▶ _Work instruction_
For this exercise, output the line holding "Product: This set" and all subsequent lines of the entries below, unchanged, up to and including the last.

(Excerpts from a dataset)

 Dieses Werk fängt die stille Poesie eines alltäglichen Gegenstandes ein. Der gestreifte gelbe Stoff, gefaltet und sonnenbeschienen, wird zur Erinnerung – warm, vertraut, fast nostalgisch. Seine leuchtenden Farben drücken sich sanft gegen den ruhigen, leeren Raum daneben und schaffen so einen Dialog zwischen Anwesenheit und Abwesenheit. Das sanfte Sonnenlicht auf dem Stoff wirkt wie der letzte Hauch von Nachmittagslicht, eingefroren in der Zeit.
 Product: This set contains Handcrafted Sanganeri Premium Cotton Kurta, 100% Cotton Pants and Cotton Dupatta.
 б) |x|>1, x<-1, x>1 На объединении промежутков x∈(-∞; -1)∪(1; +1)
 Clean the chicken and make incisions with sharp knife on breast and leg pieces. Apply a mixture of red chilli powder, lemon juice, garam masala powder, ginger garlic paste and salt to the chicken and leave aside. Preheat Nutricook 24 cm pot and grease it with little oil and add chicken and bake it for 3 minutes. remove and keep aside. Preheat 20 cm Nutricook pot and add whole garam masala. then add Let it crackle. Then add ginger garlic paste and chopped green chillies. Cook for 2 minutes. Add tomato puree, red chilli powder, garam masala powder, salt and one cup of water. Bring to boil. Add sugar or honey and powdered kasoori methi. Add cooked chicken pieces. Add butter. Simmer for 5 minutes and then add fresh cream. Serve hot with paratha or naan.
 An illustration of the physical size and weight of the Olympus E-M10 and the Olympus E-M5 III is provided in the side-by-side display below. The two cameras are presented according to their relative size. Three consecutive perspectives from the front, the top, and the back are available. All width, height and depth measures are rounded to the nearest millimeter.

▶ _Task output_
 Product: This set contains Handcrafted Sanganeri Premium Cotton Kurta, 100% Cotton Pants and Cotton Dupatta.
 б) |x|>1, x<-1, x>1 На объединении промежутков x∈(-∞; -1)∪(1; +1)
 Clean the chicken and make incisions with sharp knife on breast and leg pieces. Apply a mixture of red chilli powder, lemon juice, garam masala powder, ginger garlic paste and salt to the chicken and leave aside. Preheat Nutricook 24 cm pot and grease it with little oil and add chicken and bake it for 3 minutes. remove and keep aside. Preheat 20 cm Nutricook pot and add whole garam masala. then add Let it crackle. Then add ginger garlic paste and chopped green chillies. Cook for 2 minutes. Add tomato puree, red chilli powder, garam masala powder, salt and one cup of water. Bring to boil. Add sugar or honey and powdered kasoori methi. Add cooked chicken pieces. Add butter. Simmer for 5 minutes and then add fresh cream. Serve hot with paratha or naan.
 An illustration of the physical size and weight of the Olympus E-M10 and the Olympus E-M5 III is provided in the side-by-side display below. The two cameras are presented according to their relative size. Three consecutive perspectives from the front, the top, and the back are available. All width, height and depth measures are rounded to the nearest millimeter.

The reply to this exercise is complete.